(Collection entries)
= = = =

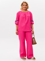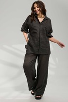 Брюки женские, свободного силуэта, на поясе со шлевками. Застежка на молнию и пуговицу.По переду заложены складки. По бокам действующие угловые карманы.
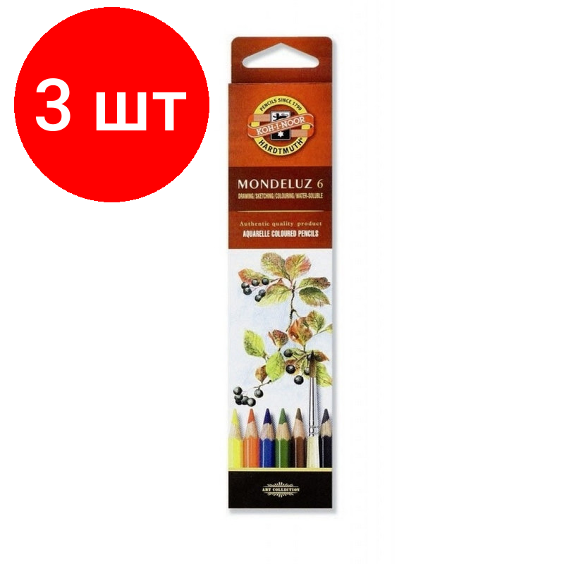 Отзывы на Комплект 3 наб., Карандаши акварельные 6цв./наб. KOH-I-NOOR 3715 MONDELUZ Чехия
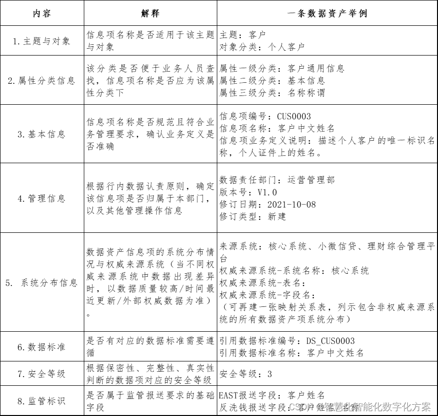以银行一个“客户中文姓名”的基础数据项为例,通过数据资产盘点,我们可以得到关于数据资产的以下方面信息:
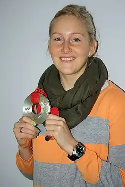 Martin made her international debut for Sweden at the 2001 Women's World Championship, when she was 15 years old. She played in two games, as Sweden finished fifth.[5] She also played for Sweden at the 2002 Winter Olympics, helping them to a third-place finish as a surprise starter for the bronze medal game against Finland. Martin was selected as the starter for the medal game by a coin toss.[6] Martin also suited up for Sweden at the Women's World Championships in 2004, 2005, 2007, and 2008, capturing bronze medals in 2007 and 2009.[5]
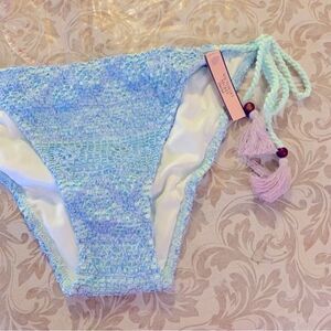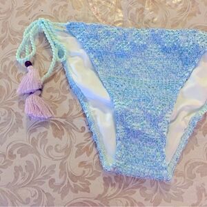 Victorias Secret Swimsuit String Bikini Bottoms Lined Blue Crochet & Purple Tassels Sz Small NWT
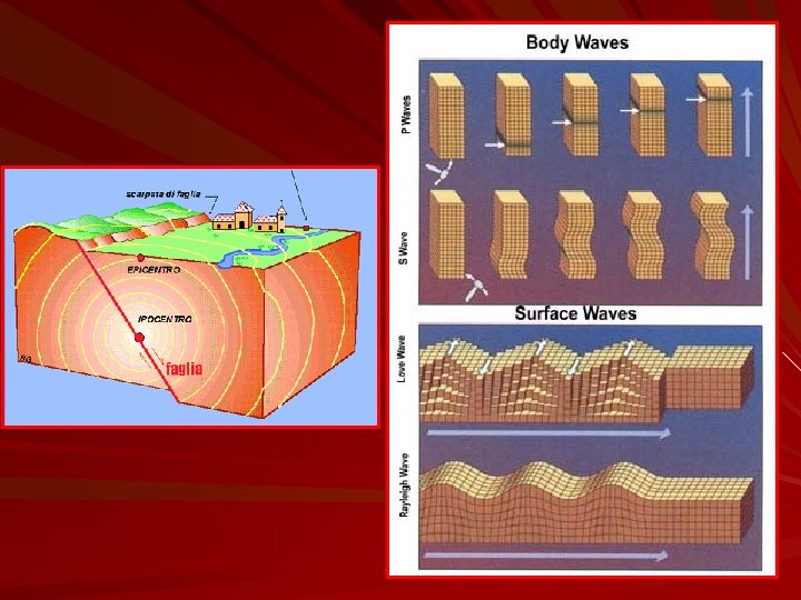 ONDE P ONDE S ONDE L Onde elastiche generate nei terremoti. Provocano una deformazione dinamica dei materiali attraversati. Si propagano secondo i principi del moto ondulatorio
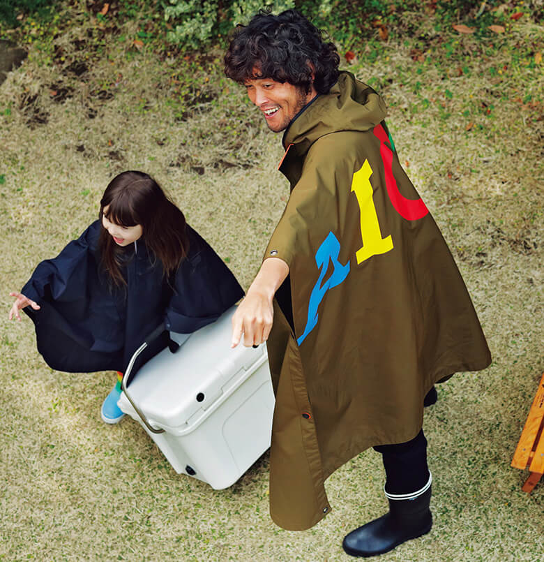 [男性]ポンチョ4万9000円、Tシャツ4300円、パンツ1万5000円、ハット7900円、ブーツ1万4000円/すべてエーグル 0120-810-378 [子供]ポンチョ1万5000円、ブーツ5500円/ともにエーグル 0120-810-378広げれば、タープに早変わり! 生活を豊かにする斬新な発想ビビッドなカラーのロゴ使いは当然アガるのだが、このポンチョの魅力はそれだけではない。脇のスナップボタンを外して広げ、ポールを利用して立てることで、タープやシェルターなどとしても使える優れものなのだ。
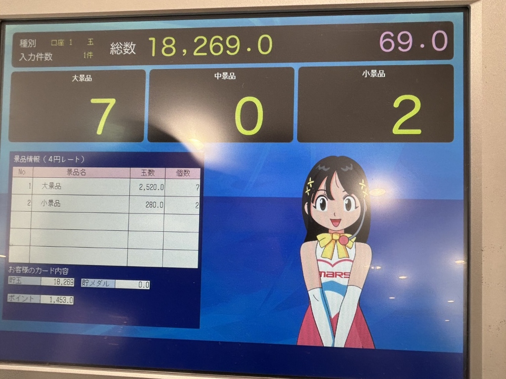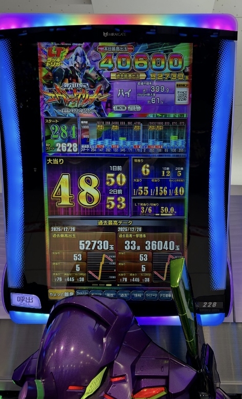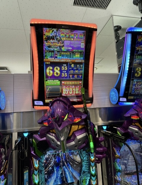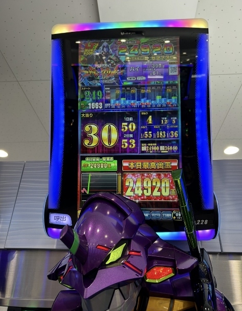 満席かと思ったエヴァに1台、30回大当りして2万4920発出た台が249回転でヤメられました。
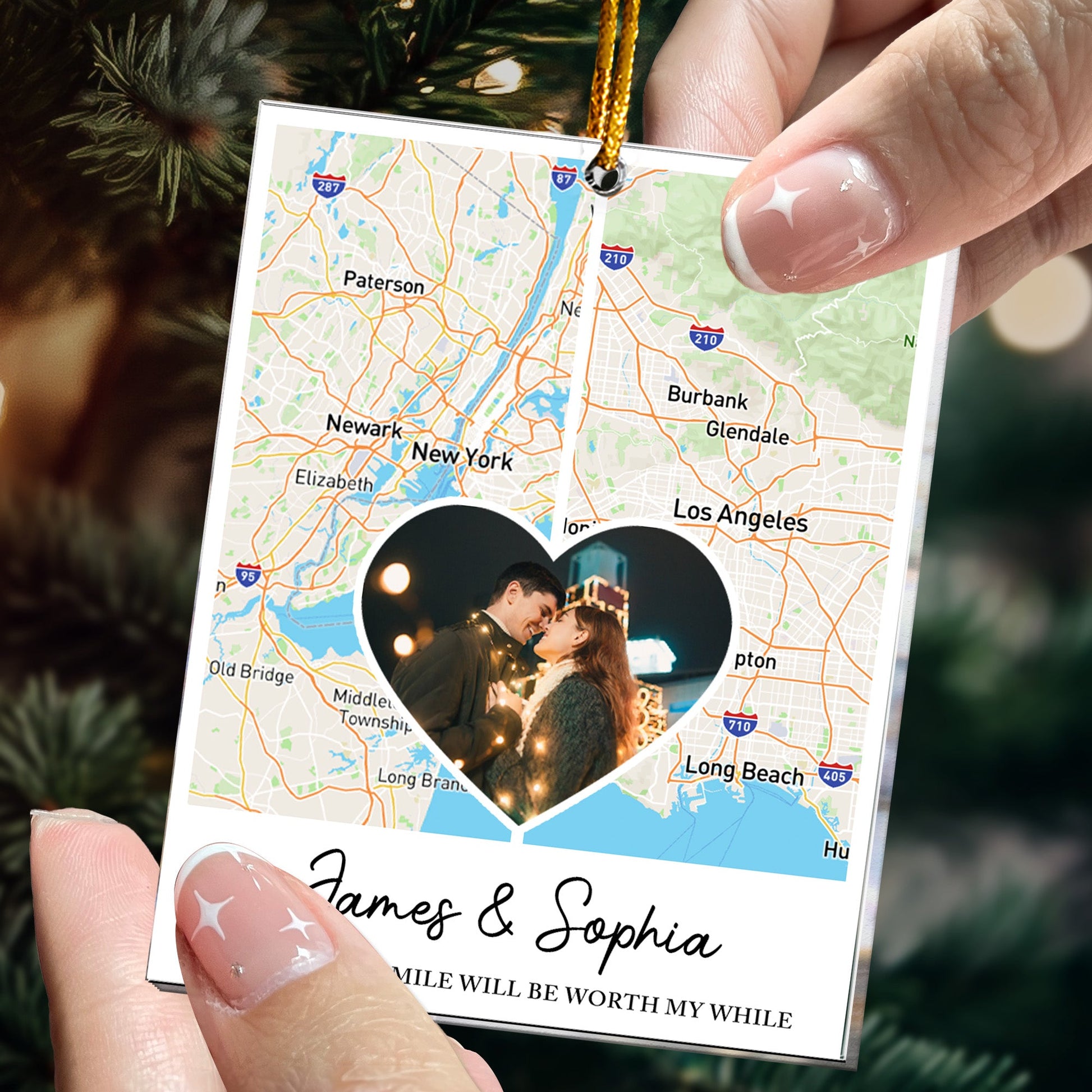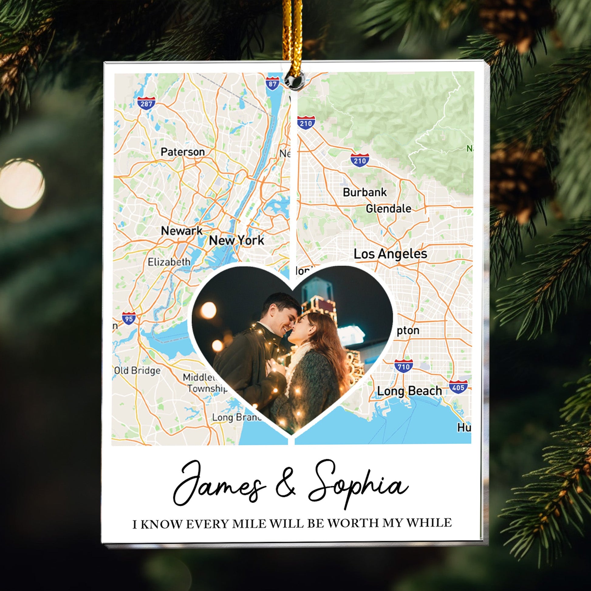 Celebrate the bonds that defy distance with our Custom Multi Print Map Personalized Acrylic Ornament. This unique piece captures the essence of your relationships, showcasing custom maps from country to country or state to state. Perfect for long-distance families, friends, and couples, it serves as a heartfelt reminder that distance means so little when someone means so much. This ornament makes an ideal gift for Christmas, Thanksgiving, or any special occasion, allowing you to express your love and appreciation for your besties or loved ones separated by miles. A thoughtful keepsake that connects hearts across distances!

= = = =

#### Task item:
Print exactly, with no pictures, the lines above from the one that holds "Victorias Secret Swimsuit" through the one that holds "満席かと思ったエヴァに1台、", both of them included.

#### Result:
 Victorias Secret Swimsuit String Bikini Bottoms Lined Blue Crochet & Purple Tassels Sz Small NWT
 ONDE P ONDE S ONDE L Onde elastiche generate nei terremoti. Provocano una deformazione dinamica dei materiali attraversati. Si propagano secondo i principi del moto ondulatorio
 [男性]ポンチョ4万9000円、Tシャツ4300円、パンツ1万5000円、ハット7900円、ブーツ1万4000円/すべてエーグル 0120-810-378 [子供]ポンチョ1万5000円、ブーツ5500円/ともにエーグル 0120-810-378広げれば、タープに早変わり! 生活を豊かにする斬新な発想ビビッドなカラーのロゴ使いは当然アガるのだが、このポンチョの魅力はそれだけではない。脇のスナップボタンを外して広げ、ポールを利用して立てることで、タープやシェルターなどとしても使える優れものなのだ。
 満席かと思ったエヴァに1台、30回大当りして2万4920発出た台が249回転でヤメられました。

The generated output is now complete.